Supply the number of lines below containing "Seifein", nothing else.

+++

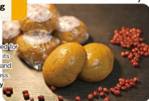
Kokuto Manju (Brown sugar confectionery) Mitsuke

It has been loved for many years for its chewy texture and gentle sweetness. (Confectionery Tanokuchiya)
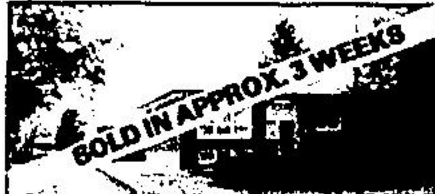
154 Tidey Ave., Acton Price $78,500
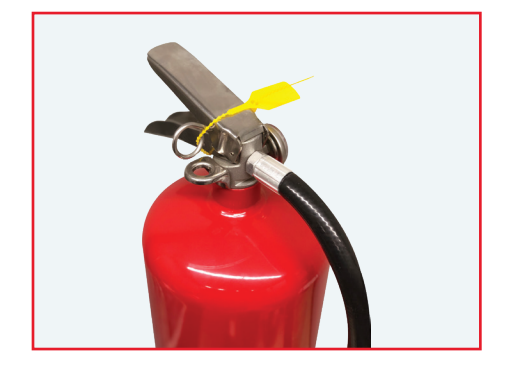
WALL HOOK RING Standard with 5.5, 10, and 20 lb models.
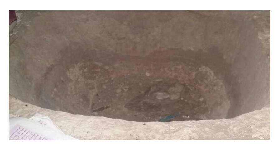
Fig. 7 - Squarefont in the Church of of Abu Seifein in Dayr Al-Maimoun at Atfih, limestone, 95 cm deep.

Dayr Al-Maimoun at Atfih embraces two baptismal fonts; one in the church of Saint Anthony placed in the left sanctuary in the shape of a circular limestone, the other is in the church of Abu Seifein a square shaped shallow stone used for children (Fig.7)<sup>49</sup>. Gothic graffiti of pilgrims with escutcheons decorate their walls<sup>50</sup>. The Wadamon El Armanty Church also contains a circular large hole for emptying the water<sup>51</sup>.
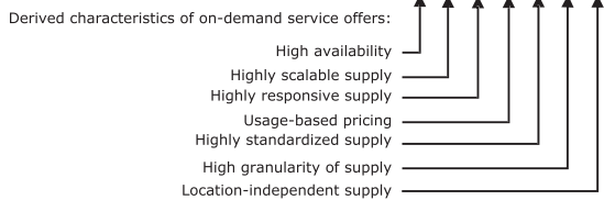
Table I. Overview of literature

literature. Further, on-demand services are often linked to access-based services (Lawson et al. , 2016; Schaefers et al. , 2016) and the sharing economy (Fehrer et al. , 2018; Kumar et al. , 2018). In some cases, there is indeed a clear link between these concepts, but also an important difference: sharing resources and offering access to goods does not automatically mean these are supplied instantaneously on demand. On-demand provisioning is also often related to multi-sided platforms (Andreassen et al. , 2018; Hagiu and Wright, 2015; Parker et al. , 2016). Such platforms are frequently used by service providers to collect available resources for on-demand supply. At present, these platforms are frequently studied, focusing on topics such as pricing and capacity management (Bai et al. , 2018; Taylor, 2018). However, again, it is important to note that multi-sided platforms are not necessarily on-demand.
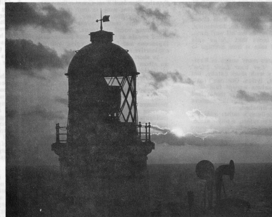
1st Landscape. The Watch by JP Gilbert
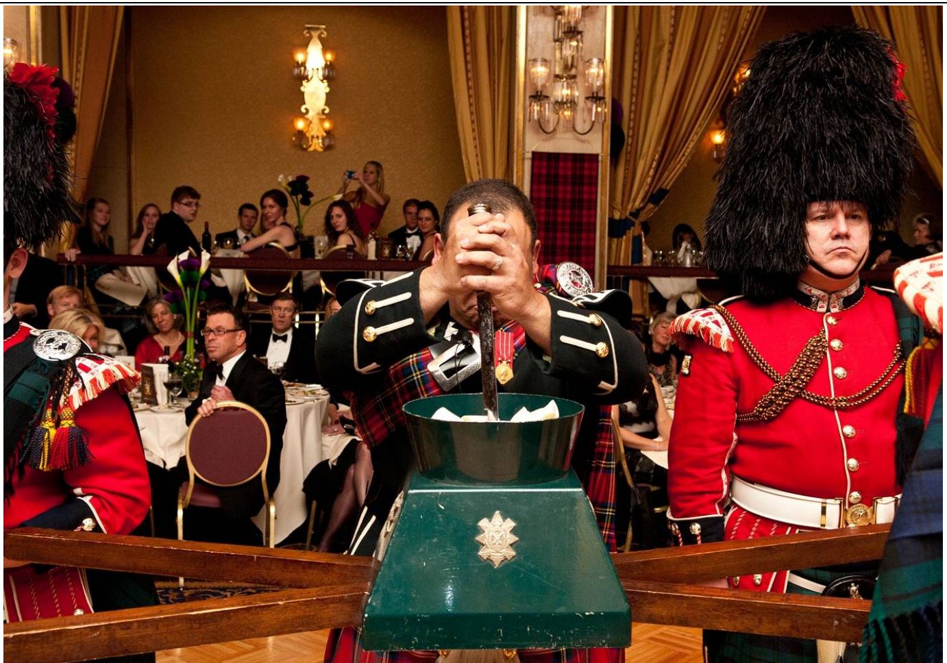
One of the fantastic moments at the Montreal's St. Andrew's Ball 2011.
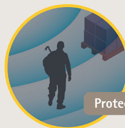
Protection inside the perimeter

Track threats that have breached the perimeter, and guard assets against theft and sabotage. Effectively surveil wide areas, even in complete darkness, and detect and deter unwelcome activity near key assets.
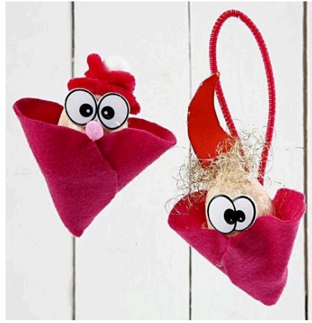
Quirky gnomes in hiding Heads of cotton egg glued into a felt cone. Funny eyes glued onto the head and pipe cleaners used as pixie hats. Hair made from gold lametta.
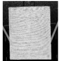
Public utilities annual report of Kings County Lighting Company, 1933 (NYSA_13345- 81_B230_F16_Kings_County_Lighting_Company_1933)
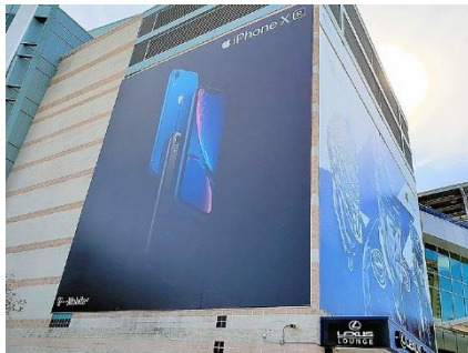
TS23 - large banners on concrete wall (Here 65' x 48')

2- If the wall is not smooth (Disjointed bricks, stones, corrugated, irregular stucco,...) the choice is between the TS32 and the TS44. The TS44 will be chosen whenever there are large gaps in the walls (Windows, opening between floors...) or the size of the frame is very large.
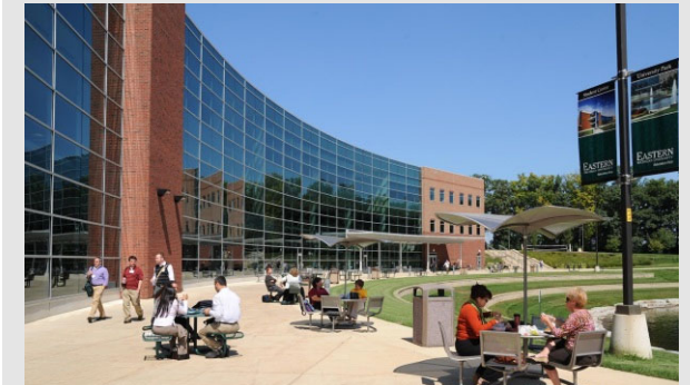
Eastern Michigan University

+++

> Result below
2